COVID-19 is an infectious disease caused by SARS-CoV-2 leading to the ongoing global pandemic. Infected patients developed a range of respiratory symptoms, including respiratory failure, as well as other extrapulmonary complications. Multiple comorbidities, including hypertension, diabetes, cardiovascular diseases, and chronic kidney diseases, are associated with the severity and increased mortality of COVID-19. SARS-CoV-2 infection also causes a range of cardiovascular complications, including myocarditis, myocardial injury, heart failure, arrhythmias, acute coronary syndrome, and venous thromboembolism. Although a variety of methods have been developed and many clinical trials have been launched for drug repositioning for COVID-19, treatments that consider cardiovascular manifestations and cardiovascular disease comorbidities specifically are limited.
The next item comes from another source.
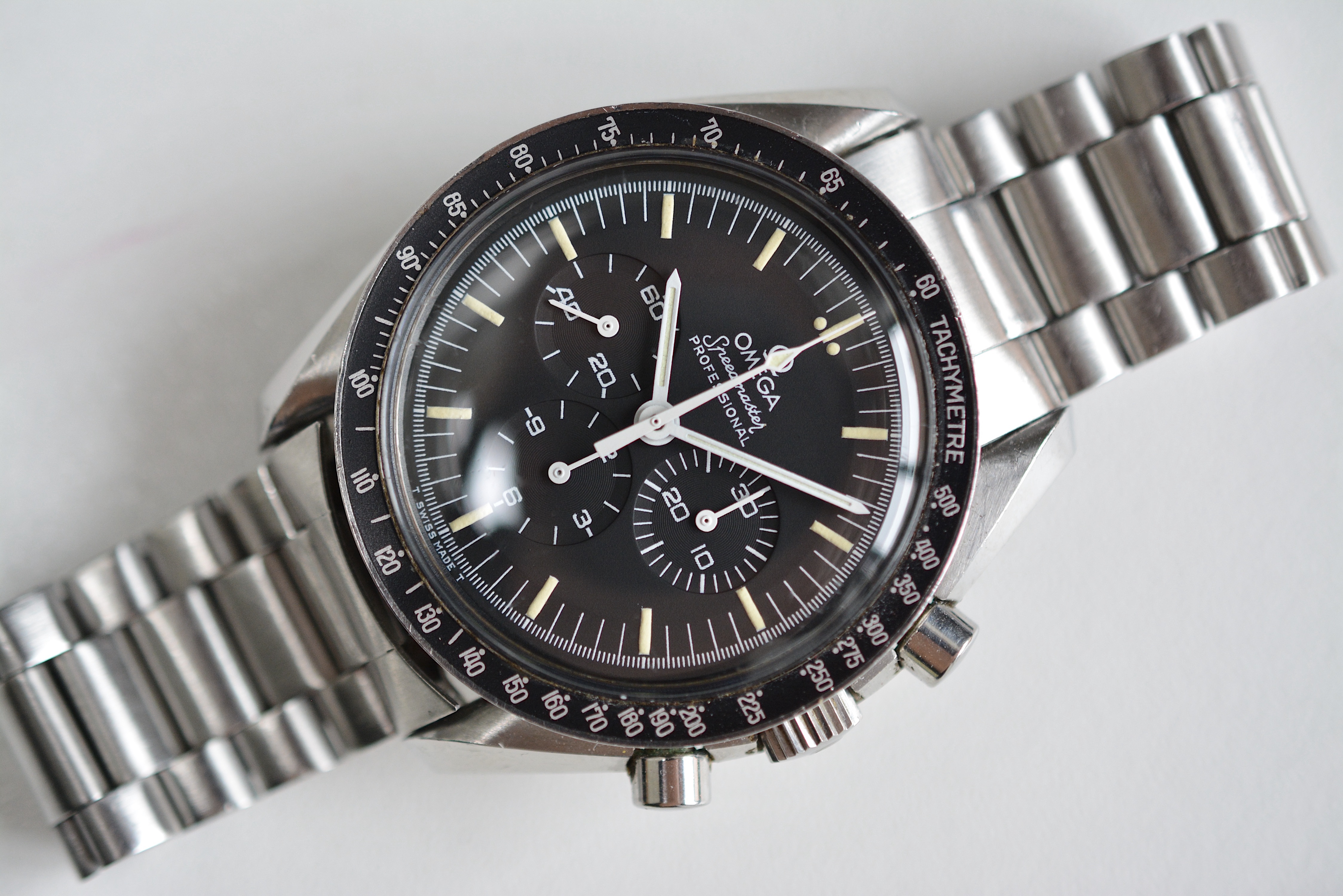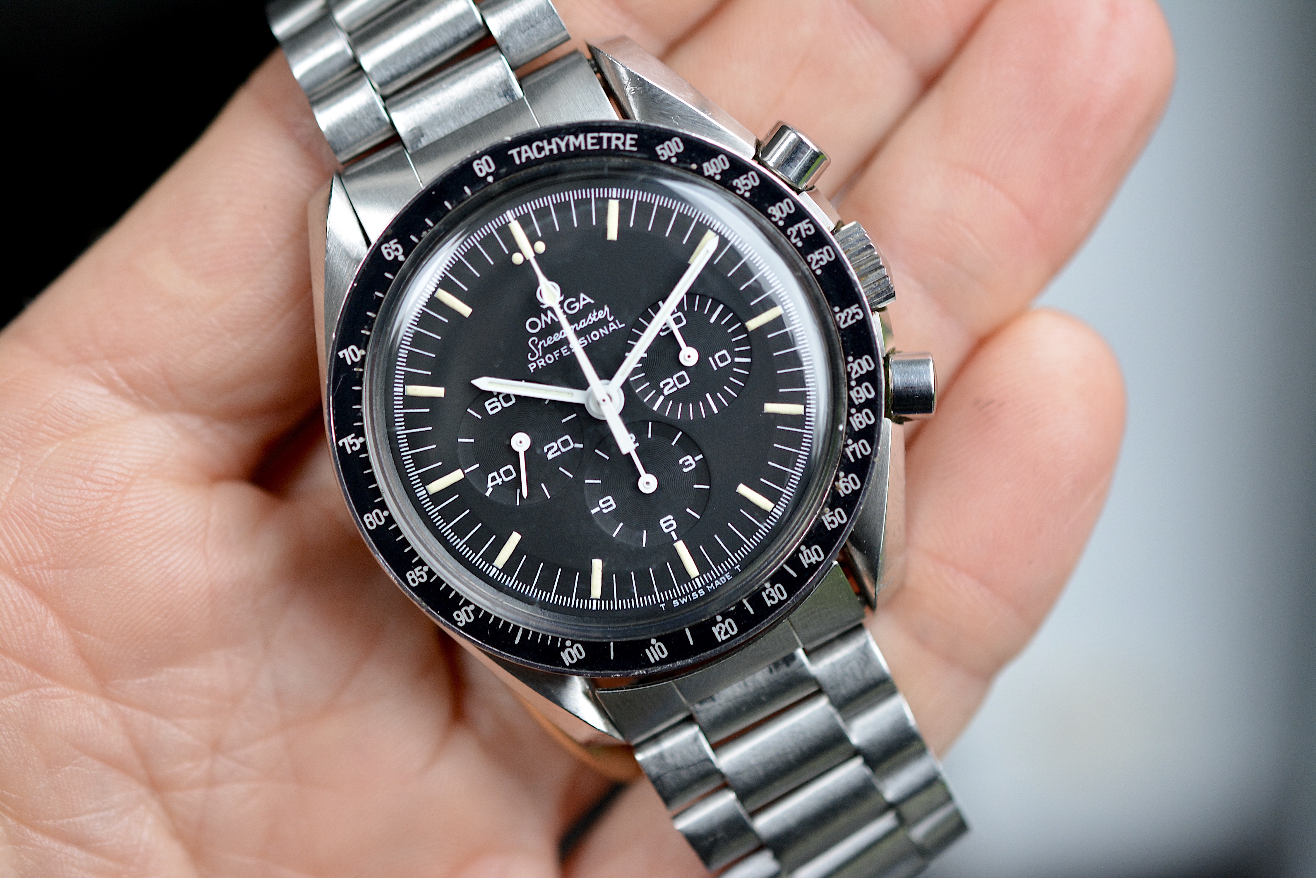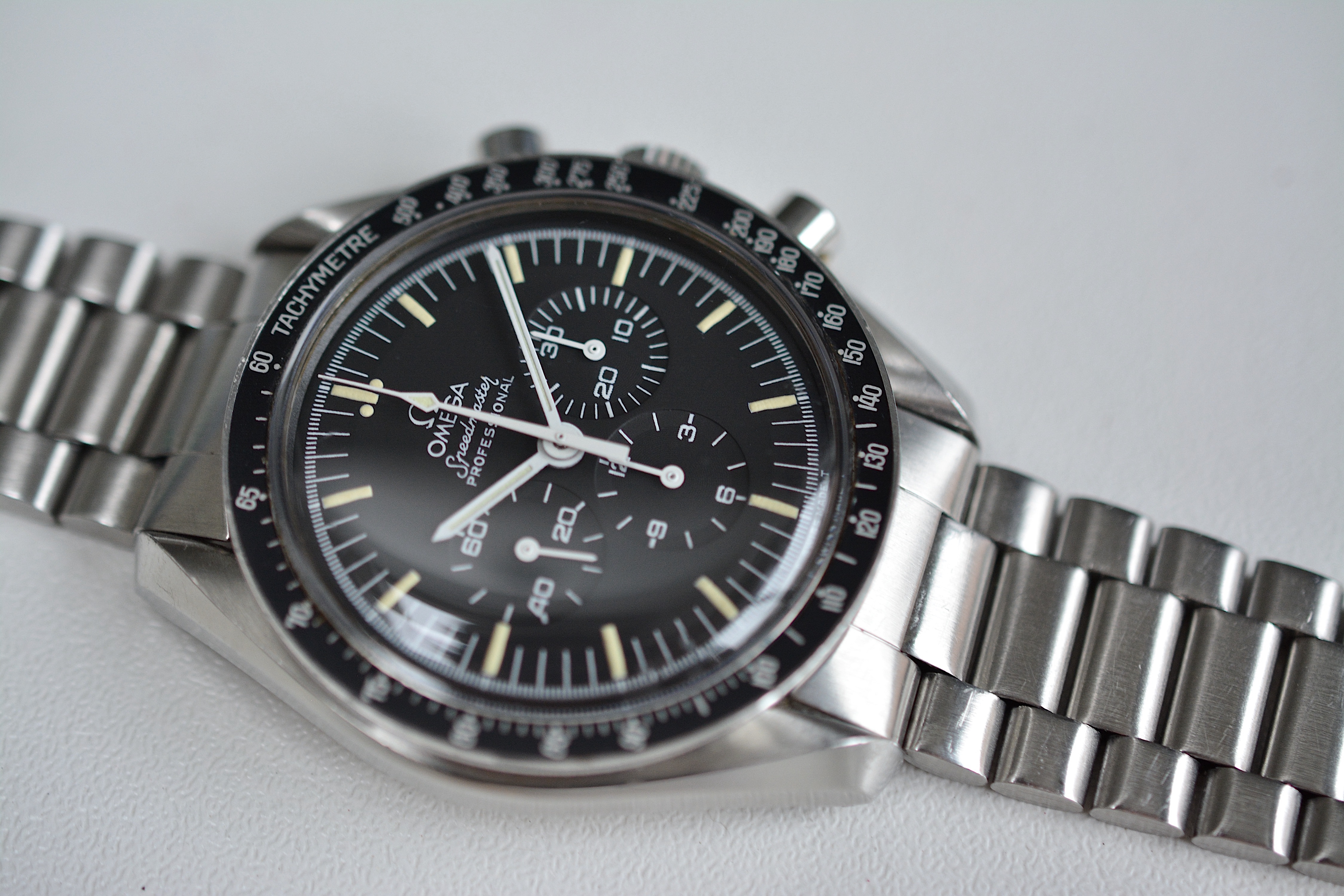 One thing, it's not cheap. But condition has a price. Compare it to other 80s 145.0022 on the market and you'll see the price is not that crazy. Speedmasters from the 90s, nice as they can be, are just much easier to find than an 80s Speedmaster with this type of bracelet.

In this review, we summarize recent advances in drug repositioning for COVID-19, including experimental drug repositioning, high-throughput drug screening, omics data-based, and network medicine-based computational drug repositioning, with particular attention on those drug treatments that consider cardiovascular manifestations of COVID-19. We discuss prospective opportunities and potential methods for repurposing drugs to treat cardiovascular complications of COVID-19.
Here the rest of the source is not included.